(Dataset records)
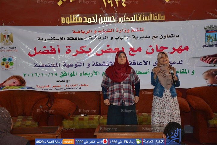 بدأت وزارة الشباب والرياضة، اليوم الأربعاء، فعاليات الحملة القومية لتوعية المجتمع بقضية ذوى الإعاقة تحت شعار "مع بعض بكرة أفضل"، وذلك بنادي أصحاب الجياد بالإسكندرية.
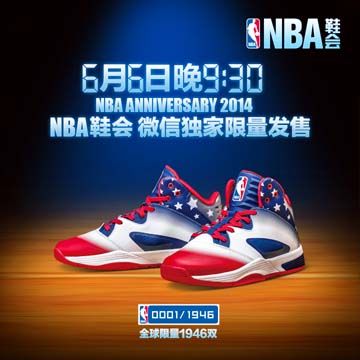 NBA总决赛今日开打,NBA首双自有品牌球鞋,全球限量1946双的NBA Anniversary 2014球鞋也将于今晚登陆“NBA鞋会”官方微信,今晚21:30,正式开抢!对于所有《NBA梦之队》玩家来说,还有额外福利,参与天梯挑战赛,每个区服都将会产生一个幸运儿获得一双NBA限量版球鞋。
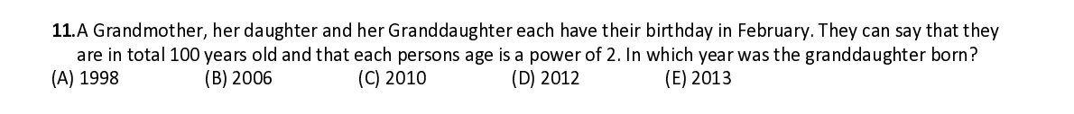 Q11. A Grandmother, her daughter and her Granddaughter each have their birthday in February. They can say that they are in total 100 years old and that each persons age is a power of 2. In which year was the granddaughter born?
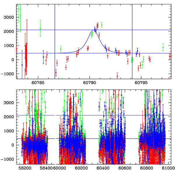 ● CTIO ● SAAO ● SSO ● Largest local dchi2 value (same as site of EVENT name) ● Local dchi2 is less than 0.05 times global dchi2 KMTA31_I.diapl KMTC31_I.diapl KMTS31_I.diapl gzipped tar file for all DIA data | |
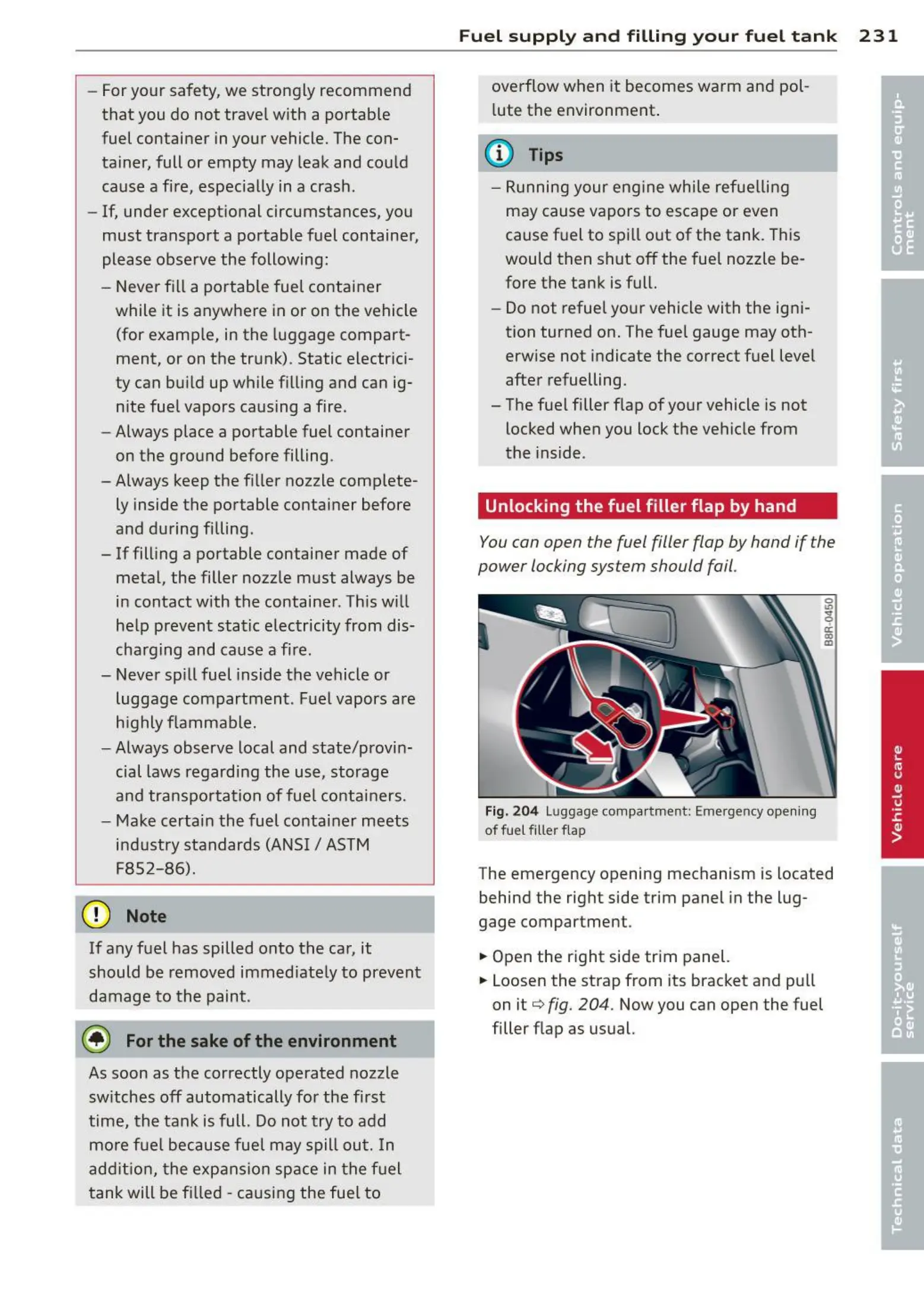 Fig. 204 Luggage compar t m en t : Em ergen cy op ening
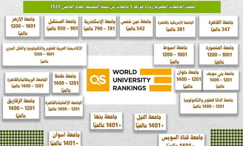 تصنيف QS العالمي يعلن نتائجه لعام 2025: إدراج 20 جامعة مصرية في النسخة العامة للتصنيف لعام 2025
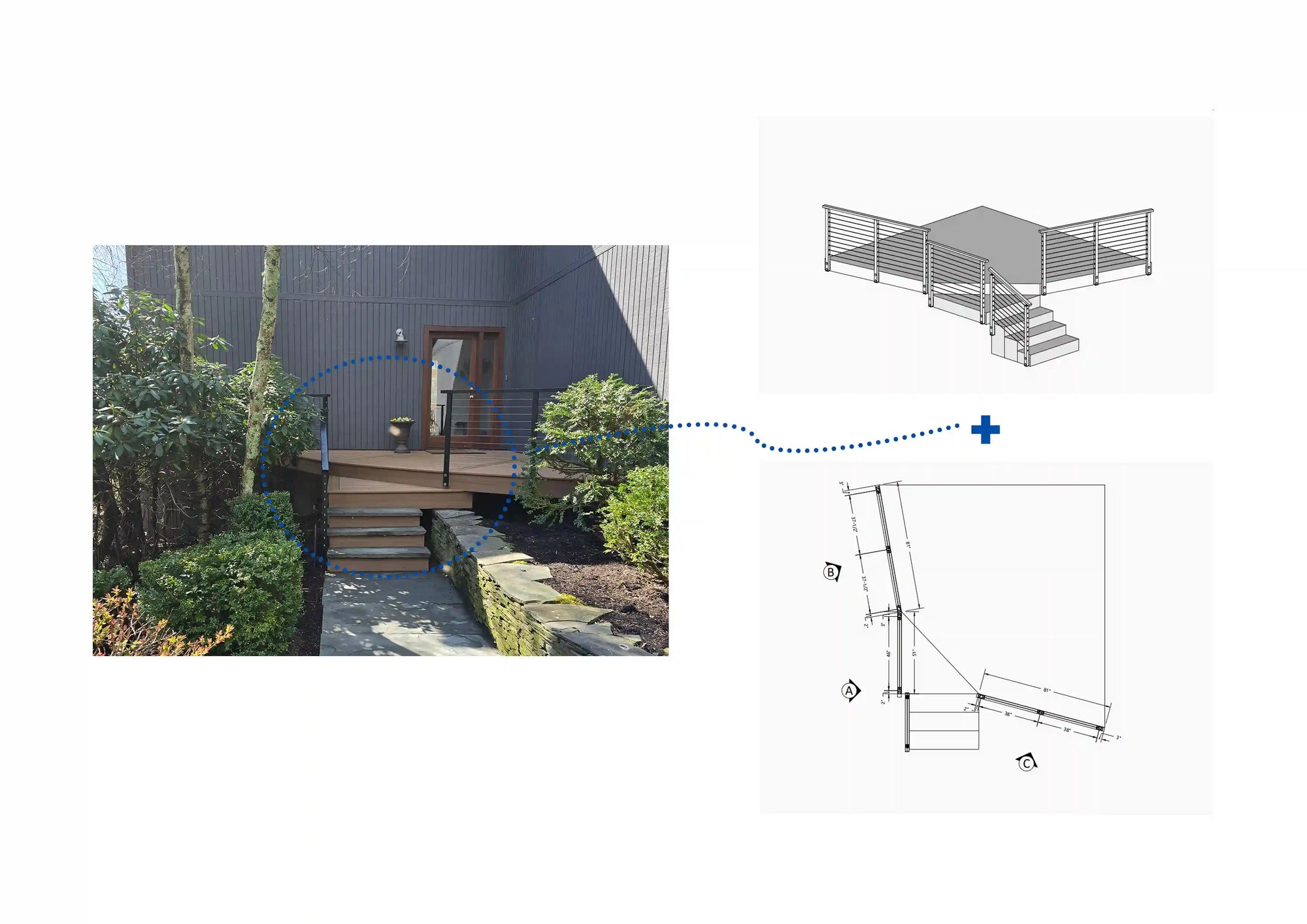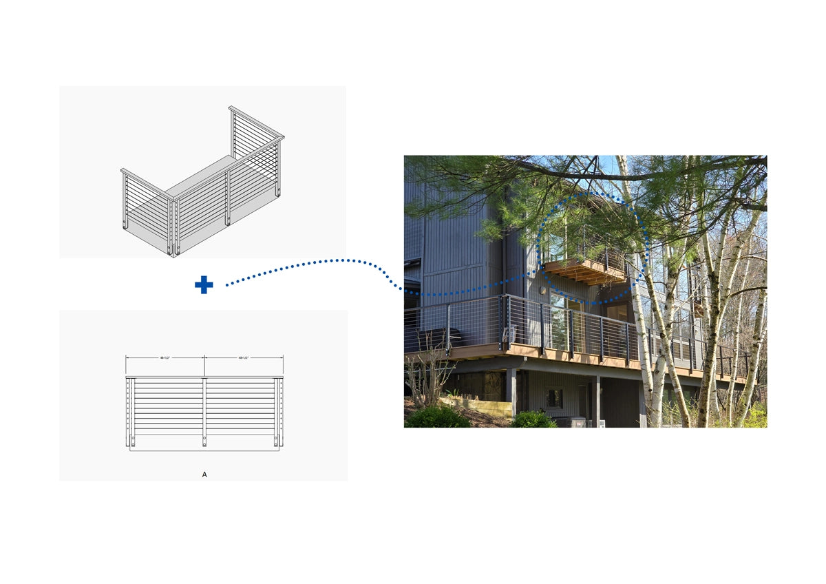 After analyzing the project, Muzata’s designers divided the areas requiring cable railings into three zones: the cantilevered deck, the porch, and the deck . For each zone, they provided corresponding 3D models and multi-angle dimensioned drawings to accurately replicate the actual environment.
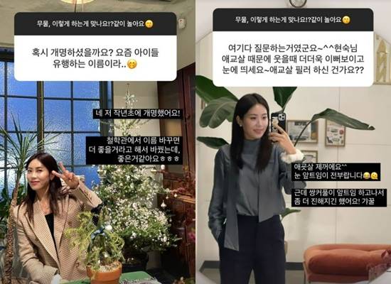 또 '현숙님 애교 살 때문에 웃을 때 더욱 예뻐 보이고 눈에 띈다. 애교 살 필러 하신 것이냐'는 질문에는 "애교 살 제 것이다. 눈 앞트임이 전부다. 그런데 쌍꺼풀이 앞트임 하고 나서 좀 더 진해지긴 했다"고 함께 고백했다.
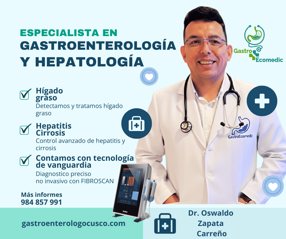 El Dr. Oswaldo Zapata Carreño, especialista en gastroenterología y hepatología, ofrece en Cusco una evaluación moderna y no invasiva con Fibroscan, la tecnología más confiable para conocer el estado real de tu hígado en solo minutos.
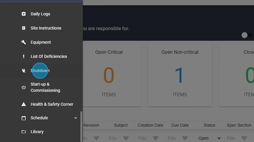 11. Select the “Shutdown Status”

DIRECTIONS FOR THIS TASK: Copy the data above word for word. Pictures stay out.

RESPONSE FOR THIS EXERCISE:
 بدأت وزارة الشباب والرياضة، اليوم الأربعاء، فعاليات الحملة القومية لتوعية المجتمع بقضية ذوى الإعاقة تحت شعار "مع بعض بكرة أفضل"، وذلك بنادي أصحاب الجياد بالإسكندرية.
 NBA总决赛今日开打,NBA首双自有品牌球鞋,全球限量1946双的NBA Anniversary 2014球鞋也将于今晚登陆“NBA鞋会”官方微信,今晚21:30,正式开抢!对于所有《NBA梦之队》玩家来说,还有额外福利,参与天梯挑战赛,每个区服都将会产生一个幸运儿获得一双NBA限量版球鞋。
 Q11. A Grandmother, her daughter and her Granddaughter each have their birthday in February. They can say that they are in total 100 years old and that each persons age is a power of 2. In which year was the granddaughter born?
 ● CTIO ● SAAO ● SSO ● Largest local dchi2 value (same as site of EVENT name) ● Local dchi2 is less than 0.05 times global dchi2 KMTA31_I.diapl KMTC31_I.diapl KMTS31_I.diapl gzipped tar file for all DIA data | |
 Fig. 204 Luggage compar t m en t : Em ergen cy op ening
 تصنيف QS العالمي يعلن نتائجه لعام 2025: إدراج 20 جامعة مصرية في النسخة العامة للتصنيف لعام 2025
 After analyzing the project, Muzata’s designers divided the areas requiring cable railings into three zones: the cantilevered deck, the porch, and the deck . For each zone, they provided corresponding 3D models and multi-angle dimensioned drawings to accurately replicate the actual environment.
 또 '현숙님 애교 살 때문에 웃을 때 더욱 예뻐 보이고 눈에 띈다. 애교 살 필러 하신 것이냐'는 질문에는 "애교 살 제 것이다. 눈 앞트임이 전부다. 그런데 쌍꺼풀이 앞트임 하고 나서 좀 더 진해지긴 했다"고 함께 고백했다.
 El Dr. Oswaldo Zapata Carreño, especialista en gastroenterología y hepatología, ofrece en Cusco una evaluación moderna y no invasiva con Fibroscan, la tecnología más confiable para conocer el estado real de tu hígado en solo minutos.
 11. Select the “Shutdown Status”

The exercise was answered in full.